Яхта с вооружением кеча длиной 8,2 метра по ватерлинии называлась "Сваап", что на санскрите означает "мечта". Лучшего для нее названия невозможно придумать: именно она помогла американцу Уильяму Робинсону осуществить свою мечту — совершить плавание вокруг света. Ему тогда было 25 лет. Плавание протяженностью 32000 миль заняло три года и пять с половиной месяцев и обошлось ему в тысячу долларов. Впоследствии он издал книгу под заглавием "Глубины и мели", которая впервые была издана в 1932 году, а недавно вышла в свет вновь в издательстве Руперг Харт-Девис.

Книгу эту быстро раскупили, и не зря. Но если бы даже этого не произошло и Робинсон не смог заработать на ней, он все равно не остался бы в проигрыше. Напротив. Ведь во время своего путешествия, длившегося три года, он повидал свет и испытал гораздо больше, чем многие из нас увидят и испытают за целую жизнь. Приключений ему хватало с избытком. Один раз он пировал вместе с каннибалами, в другой раз был захвачен арабским шейхом, который требовал у него выкупа. Он уходил от водяных смерчей, его преследовали гигантские ящерицы. Совершал восхитительные переходы, подгоняемый попутными пассатами, испытал ярость урагана на Нукуалофа, одном из островов в южной части Тихого океана, видел извержение подводного вулкана. 300 долларов в год — совсем небольшая сумма за столько впечатлений!

К нашему счастью, он умел и хотел писать, и это дает нам возможность пережить вместе с ним поистине поразительные приключения и совершить плавание на яхточке, на которой он вышел из Нью-Йорка вечером 23 июня 1928 года.

Кроме него, на борту судна находилось несколько друзей, но после того как "Сваап" дошел до Бермудских островов, они вернулись назад (их ждали занятия в колледже). Здесь Робинсон нашел местного жителя, подростка Уиллоуби Райта, который согласился пойти с ним в качестве матроса и сопровождал Робинсона до острова Таити. Покинув Бермуды, "Сваап" лег на зюйд-вест и, пройдя между Кубой и Гаити, 12 августа добрался до Колона, расположенного у входа в Панамский канал со стороны Атлантики. 

Робинсон признается, что переход до Бермудских островов явился испытанием его штурманского искусства и проверкой годности "Сваапа" к дальним плаваниям. Проверка эта оказалась весьма основательной.

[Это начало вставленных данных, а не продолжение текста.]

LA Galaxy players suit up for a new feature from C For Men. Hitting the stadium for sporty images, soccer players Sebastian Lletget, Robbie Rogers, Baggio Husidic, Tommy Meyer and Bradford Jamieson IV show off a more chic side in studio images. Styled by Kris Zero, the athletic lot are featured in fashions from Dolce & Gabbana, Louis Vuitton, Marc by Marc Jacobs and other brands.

В 400 милях от мыса Хаттерас "Сваап" попал в жестокий шторм — один из самых крепких, какие ему пришлось испытать во время плавания, но "Сваап" и экипаж судна успешно выдержали его. Целую неделю мореплаватели дрейфовали, выбросив плавучий якорь; по словам Робинсона, вначале он "сомневался, что "Сваап" сможет одолеть грохочущие лавины воды, угрожающие судну". Но яхта выдержала шторм, и 5 июля Робинсон вышел точно на остров Сент-Дейвидс. Всякий, кто участвовал в Бермудской океанской гонке, знает, что этот островок очень трудно обнаружить даже опытному штурману, так что Робинсон, нашедший остров после жестокого шторма, показал себя неплохим судоводителем.

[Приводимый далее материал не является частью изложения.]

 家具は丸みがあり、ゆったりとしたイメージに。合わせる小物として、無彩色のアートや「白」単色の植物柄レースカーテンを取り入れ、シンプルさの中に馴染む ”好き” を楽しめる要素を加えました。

В прологе Робинсон пишет, что рассчитывал заработать на книге, чтобы продолжить плавание после того как иссякнут его сбережения. Он надеялся, по его словам, "изучать, писать, исследовать, проводить кое-какие научные изыскания и в то же время наслаждаться бесконечно волнующим чувством некоторой неуверенности, сдабривающей все это". Как это похоже на юношеские мечты многих! Мне лично особенно нравится желание Робинсона "проводить кое-какие научные изыскания". В наше время с его сверхспециализацией подобная фраза радует слух именно некоторой неясностью. Но представления у этого американского юноши были вполне ясными. У него была мечта обойти вокруг света, и Билл, не сказав об этом никому, даже родителям, принялся за осуществление своей мечты.

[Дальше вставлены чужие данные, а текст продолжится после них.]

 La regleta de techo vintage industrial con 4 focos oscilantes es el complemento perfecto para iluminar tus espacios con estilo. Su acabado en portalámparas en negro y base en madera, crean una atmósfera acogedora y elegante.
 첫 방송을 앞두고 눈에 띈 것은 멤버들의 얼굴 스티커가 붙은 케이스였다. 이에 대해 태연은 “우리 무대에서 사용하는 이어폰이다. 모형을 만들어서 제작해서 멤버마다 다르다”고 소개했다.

Книга его — в сущности собрание рассказов о юношеских приключениях.

Его описание перехода по шлюзам Панамского канала дает полное представление о судовых работах на яхте в то время. При швартовке тогда использовались лишь два швартовых конца — носовой и кормовой, и ни Робинсон, ни его помощник не знали, к чему приведет такая практика.

"Неожиданно "Сваап" содрогнулся и затрясся, и мы скорее ощутили, чем услышали, как вокруг нас пришла в движение огромная масса воды. Это из двухметровых отверстий в полу шлюзовой камеры ударили мощные струи, и поверхность воды, еще совсем недавно гладкая и спокойная, сердито забурлила и закипела.

"Сваап" швыряло, словно щепку, швартовые концы почти не удерживали его. Меня, правда, предупреждали, что при подаче воды в шлюз мы окажемся фактически беспомощными, но такой свирепой болтанки я не ожидал. Мы, по существу, были игрушкой в руках демонов, бушевавших где-то под нами, и лоцман, отбросив вместе с плащом свою степенность, стал помогать нам: вешал с бортов кранцы, бухты тросов, свернутые в трубку старые брезенты — словом, все, что могло защитить фальшборт и обшивку яхты, стукавшейся бортами о стенки шлюза. Яхту подбрасывало вверх, канат натягивался и матросы старались удержать швартов на месте, швыряло к стенке, подхватывало другое течение.

Мы кричали, прося шлюзовых матросов то потравить, то задержать швартовы, и наши крики многократно отражались от крутых склонов. Лоцман твердил, что лучше целую неделю проводить по ночам линкоры, чем связываться когда-нибудь еще с 9-метровой яхтой."

Между тем Робинсону удается провести такую яхту через все шлюзы канала. Он подробно описывает этот этап плавания, и, когда переход по каналу подходит к концу, читатель получает известное представление об упорстве этого молодого человека. Робинсон получил санитарное свидетельство и французскую визу, которая обошлась ему в 1 доллар 20 центов. Когда же он захотел побывать на Галапагосских островах, за визу с него запросили 60 долларов. Робинсон устроил настоящий скандал. После спора, продолжавшегося полчаса, эквадорский чиновник признался: 30 долларов было накинуто из-за того, что консульство закрывалось в 3 часа, а шумный посетитель пришел спустя 5 минут. Но 30 долларов за печать на клочке бумаги показалось Робинсону столь же непомерной суммой, что и 60. Поэтому, о покинув консульство, он отправился в эквадорскую миссию, где получил рекомендательное письмо к Commandante, управляющему Галапагосскими островами, и, таким образом, обошелся без визы.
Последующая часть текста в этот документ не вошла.